Transcribe the following entries letter for letter, without the pictures.

## SUPPLIED DATA

○ ○ ○ ○ ○ ○ ○

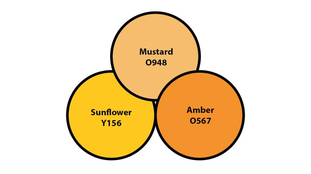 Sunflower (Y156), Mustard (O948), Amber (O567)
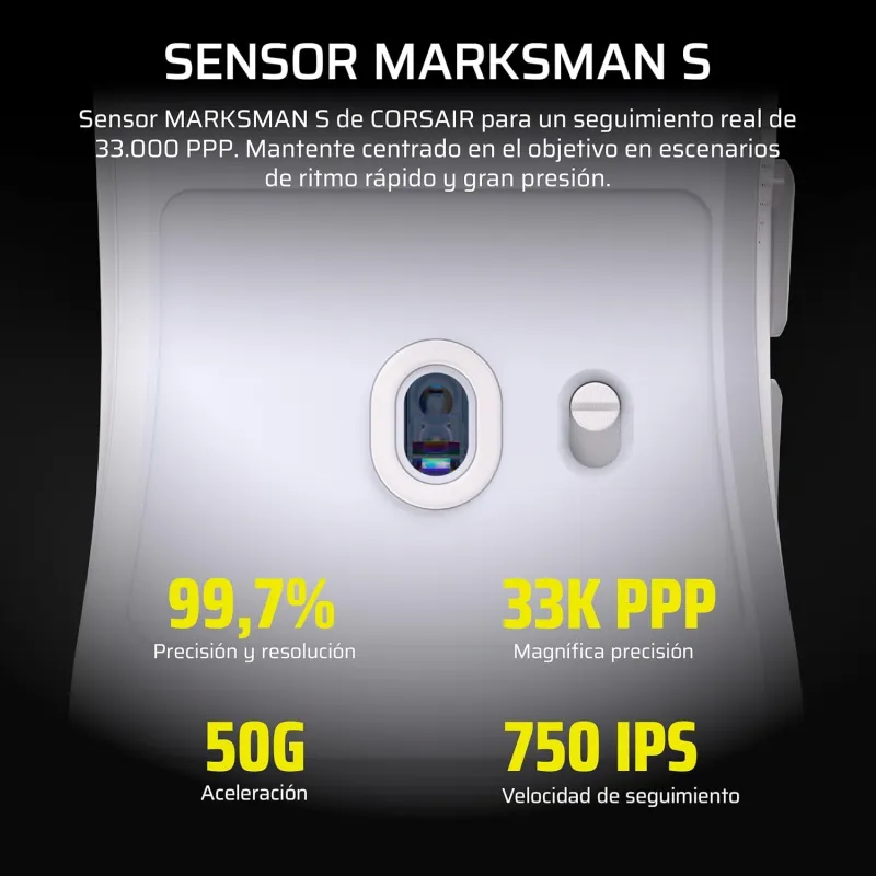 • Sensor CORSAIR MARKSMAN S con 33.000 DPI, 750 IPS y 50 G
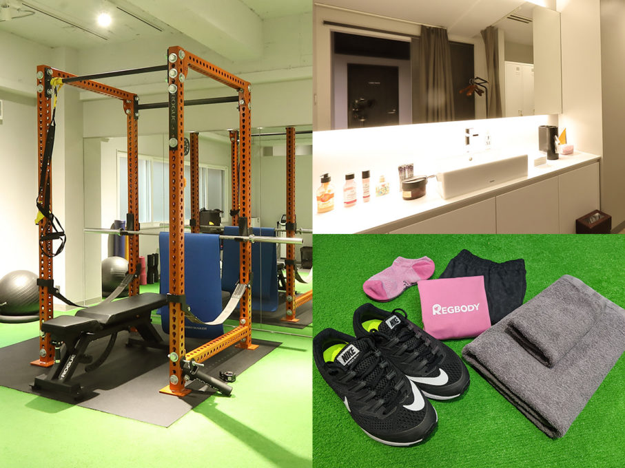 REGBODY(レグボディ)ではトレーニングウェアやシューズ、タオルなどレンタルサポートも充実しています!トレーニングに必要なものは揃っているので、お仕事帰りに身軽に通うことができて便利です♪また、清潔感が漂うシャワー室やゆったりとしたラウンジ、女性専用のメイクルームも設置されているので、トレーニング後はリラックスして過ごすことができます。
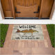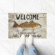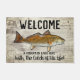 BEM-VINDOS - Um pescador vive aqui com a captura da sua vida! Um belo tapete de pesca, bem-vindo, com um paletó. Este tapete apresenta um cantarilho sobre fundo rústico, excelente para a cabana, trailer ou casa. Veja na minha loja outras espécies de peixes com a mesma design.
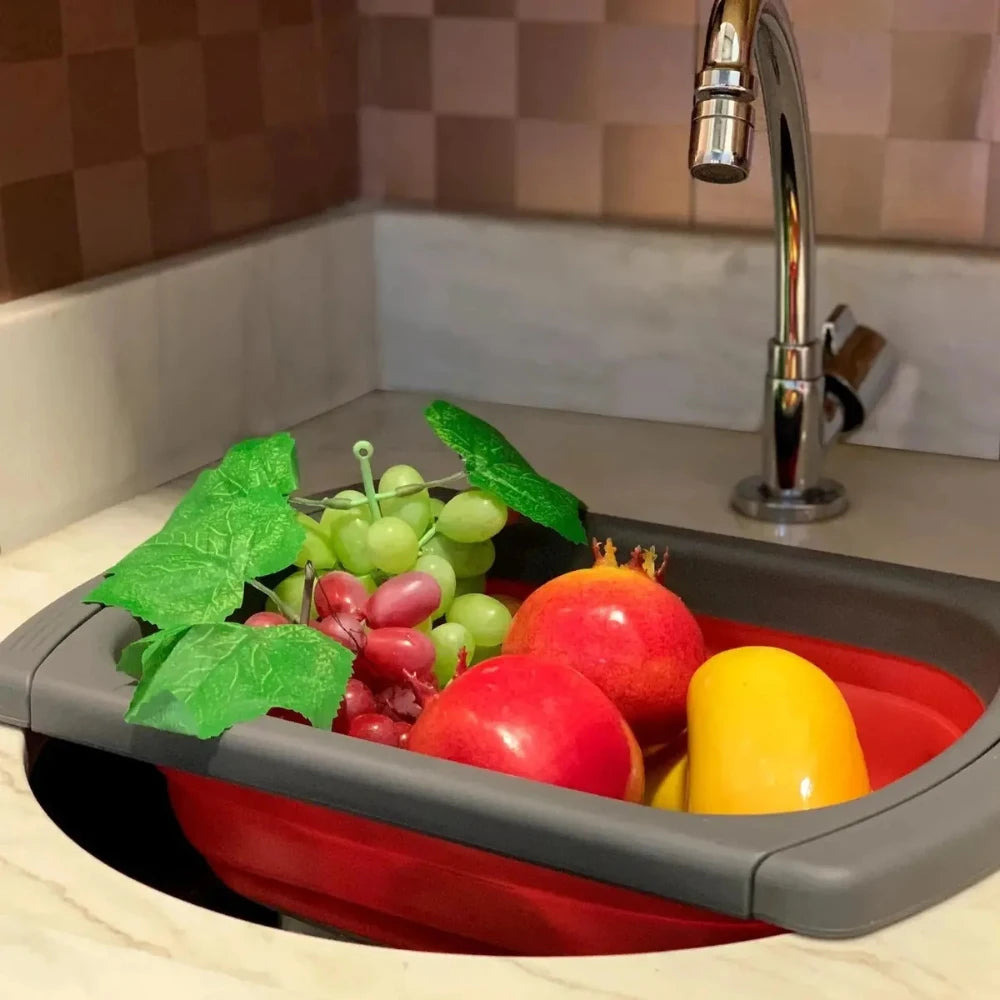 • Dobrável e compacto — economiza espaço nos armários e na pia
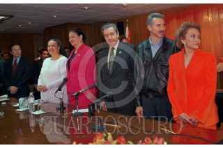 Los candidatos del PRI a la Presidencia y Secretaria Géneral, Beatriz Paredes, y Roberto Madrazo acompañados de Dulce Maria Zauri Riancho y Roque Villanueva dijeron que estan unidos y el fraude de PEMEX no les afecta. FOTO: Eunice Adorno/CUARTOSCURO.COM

○ ○ ○ ○ ○ ○ ○

## SOLUTION FOR THIS TASK
 Sunflower (Y156), Mustard (O948), Amber (O567)
 • Sensor CORSAIR MARKSMAN S con 33.000 DPI, 750 IPS y 50 G
 REGBODY(レグボディ)ではトレーニングウェアやシューズ、タオルなどレンタルサポートも充実しています!トレーニングに必要なものは揃っているので、お仕事帰りに身軽に通うことができて便利です♪また、清潔感が漂うシャワー室やゆったりとしたラウンジ、女性専用のメイクルームも設置されているので、トレーニング後はリラックスして過ごすことができます。
 BEM-VINDOS - Um pescador vive aqui com a captura da sua vida! Um belo tapete de pesca, bem-vindo, com um paletó. Este tapete apresenta um cantarilho sobre fundo rústico, excelente para a cabana, trailer ou casa. Veja na minha loja outras espécies de peixes com a mesma design.
 • Dobrável e compacto — economiza espaço nos armários e na pia
 Los candidatos del PRI a la Presidencia y Secretaria Géneral, Beatriz Paredes, y Roberto Madrazo acompañados de Dulce Maria Zauri Riancho y Roque Villanueva dijeron que estan unidos y el fraude de PEMEX no les afecta. FOTO: Eunice Adorno/CUARTOSCURO.COM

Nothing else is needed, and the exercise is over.